There is a remarkable blossoming come Sunday, which features one of the key symbolic rituals of the camp.

Campers construct memory boats using all natural materials — pinecones, sticks, flowers, birdseed, and paper. A procession of campers and counselors wends their way down to the shore of Lake Creek and each camper releases their memory boat, representing the circle and seasons of life. Following the boat release, campers gather to share their thoughts about the weekend while staff prepares them to return to their families.

Siblings often attend camp together, and some young children return to camp several years later as they hit adolescence.

“When they turn 13, they may be experiencing very different emotions than when they were 7,” Krebs said.

The impacts of Camp Sunrise last well beyond a single weekend.

“They gave me tangible coping mechanisms that I could use day-today,” Delance said. “Little things that really helped me process the grief.”

Many volunteers return year after year.

“It really amazes me the work they do and their heart for that,” Krebs said.

Volunteer efforts extend out into the community. East of the Cascades Quilters has stepped up for years.

“Every single camper gets a quilt on their bed,” Krebs said.

Handmade Teddy Bears and other keepsakes offer comfort and connection.

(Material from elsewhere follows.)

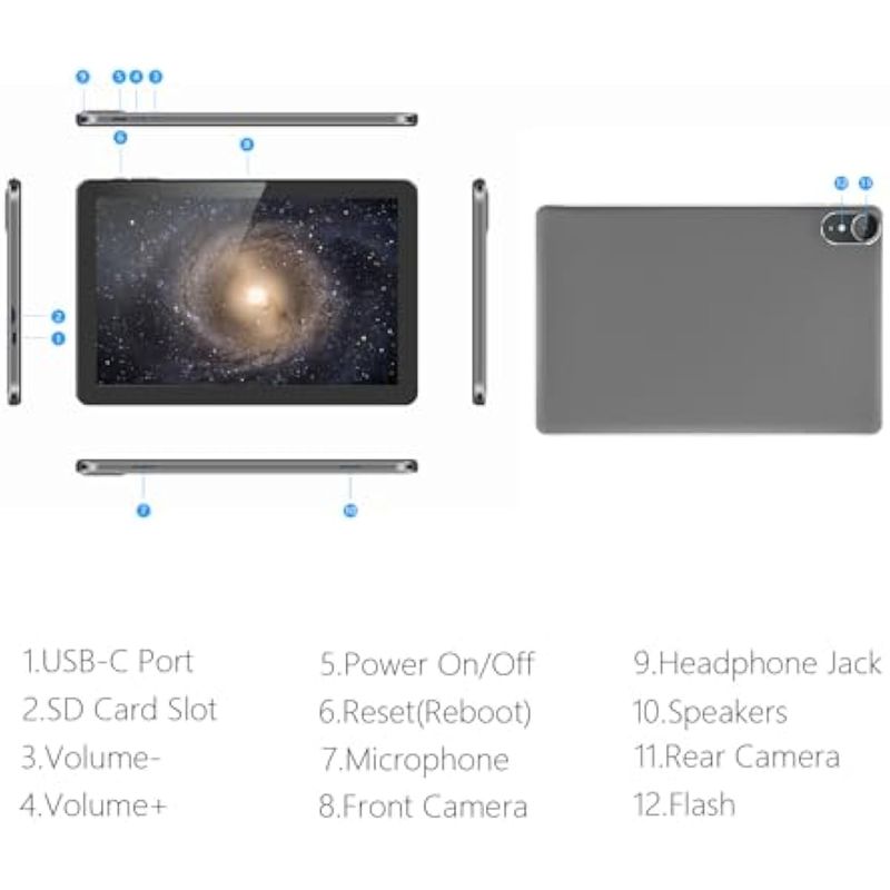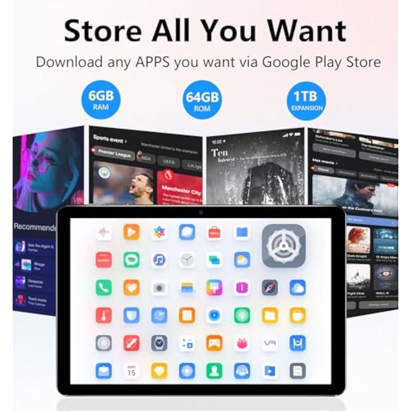 TecnologíaInformáticaTabletsAndroid Tablet, 10.1 inch Android 13 Tablets 6GB RAM 64GB ROM 1TB Expand, 1280x800 IPS HD

The broader community also supports the program financially through fundraisers and direct donations. It costs about $1,500 per camper to offer the program.

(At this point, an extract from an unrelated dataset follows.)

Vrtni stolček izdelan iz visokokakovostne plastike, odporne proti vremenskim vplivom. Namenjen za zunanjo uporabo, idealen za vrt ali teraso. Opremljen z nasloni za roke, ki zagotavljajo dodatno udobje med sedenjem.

“We do take donations, because this is completely free for children and families,” Krebs said.

Delance is an example of the deep and long-lasting resonance the Camp Sunrise experience has for campers. It influenced her careerpath into social work — where she sees trauma and grief and can provide resources.

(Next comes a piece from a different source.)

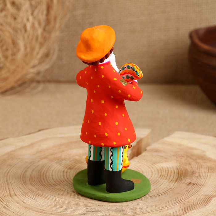Дымковская игрушка "Мужик стоячий с курочкой"

“I refer kids to Camp Sunrise whenever I have a family that needs those services,” she said.

Krebs said that youth usually attend Camp Sunrise about a year after experiencing bereavement.

“If it’s less than six months, sometimes it’s a little too recent,” she said.

The June weekend at Camp Sunrise is a powerful experience, both for attendees and for volunteers — taking them through a gamut of emotions, forming attachments and most of all letting bereaved youth know that they are not alone in their grief, that others are feeling what they feel and they understand. That can be a gift beyond price, and one for which Rachel Delance, like hundreds of her peers, continues to cherish.

Camp Sunrise represents a profound effort to support the vulnerable and to heal the hurt.

“It’s a huge benefit to our community,” Delance said.